白吃了一顿饭还什么都不做,廖云帆心里实在是过意不去。于是他走进厨房对赵樱的背影说,“我刷碗吧。”
“不用。”赵樱没转过头,他面前的水龙头一直在流水,他自己的手上也沾满了泡沫。
廖云帆走到赵樱的旁边,看着他白皙又修长的手指泡在水中,从心底又升上来一种不舒服的感觉。为了弥补这种感觉,他说,“谢谢你给我做饭。”
赵樱突然停了下来,虽然手指还泡在水中,但是却转过头直直地看着廖云帆的眼睛。廖云帆很难形容那种眼神,好像是疑惑,又好像是觉得好笑。
到最后赵樱也没说什么,继续低头洗碗了。
刷完碗之后,赵樱就歪在沙发上看电视。起初是好好地看着的,但是到后面他就倒在沙发垫上睡着了。那台老式电视里还在播放着午间新闻,有各种重要的会议,还有关于农业工业和教育等等领域的一些重要问题。不过赵樱并不关心这些,只把他们当成了催眠曲。
廖云帆坐在茶几旁边的小板凳上写作业。赵樱刚才还问他要不要把电视关掉,但是廖云帆摇了摇头,他也能做到把电视只当成背景音。
赵樱这一觉比想象中的还要漫长,廖云帆的那点作业早就写完了。他开始复习英语单词,他手里捧着英语书嘴里念念有词。这时候赵樱在沙发上翻了个身,脸朝向了廖云帆这边。

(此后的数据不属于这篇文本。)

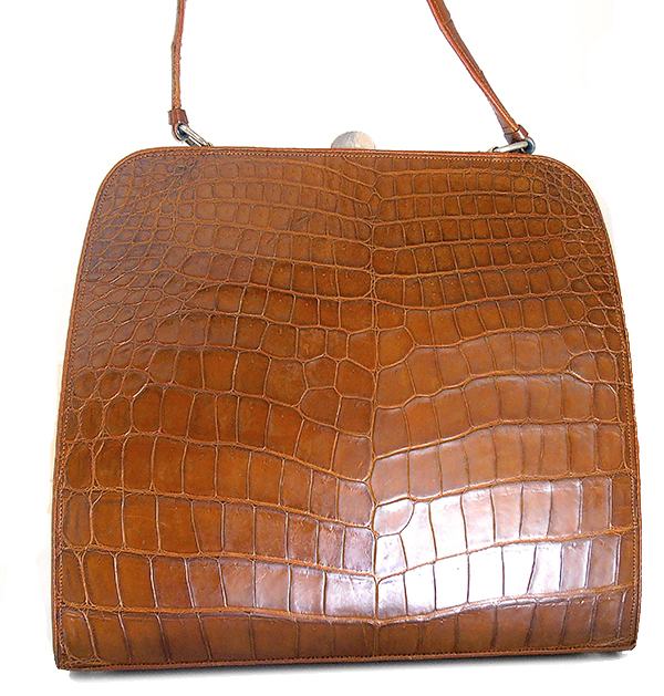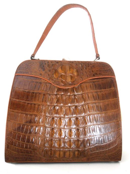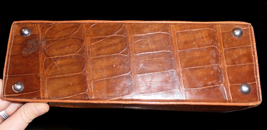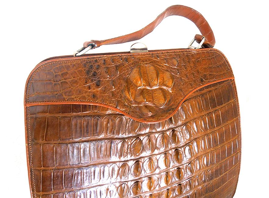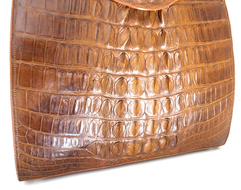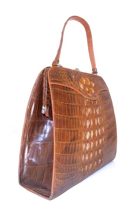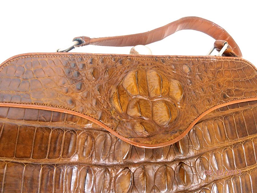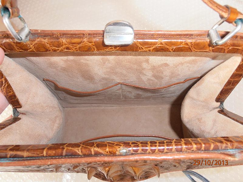 Prekrasna vintage ručna torba iz ’60/70-tih od kože krokodila. Torba u smeđoj boji, izrađena od leđa krokodila, sjajna, izuzetno očuvana izvana i iznutra. Unutrašnjost je izrađena od svjetle velur kože sa obrubima od kože krokodila. Ima i originalan mali novčanik u istoj koži. Osim manje mrlje na donjoj strani (vidljivo na zadnjoj fotografiji ), torba izgleda kao nenošena. Predivna, sjajna, elegantna, unikatna torba prikladna za svaki važnu, formalnu prigodu.

比起现在播放的不知道是地球哪个角落的国际新闻,其实对于廖云帆的学习进程干扰最大的是赵樱的存在。赵樱睡觉很安静,既不会打鼾也不会有沉重的呼吸声,但是他在廖云帆的身边睡着这件事本身就是一种干扰力。廖云帆用自己所有的意志力来避免让自己一直盯着赵樱看而忘记今天的学习任务。不能因为一时的美色而忘记自己的本业啊,廖云帆决心不做昏君。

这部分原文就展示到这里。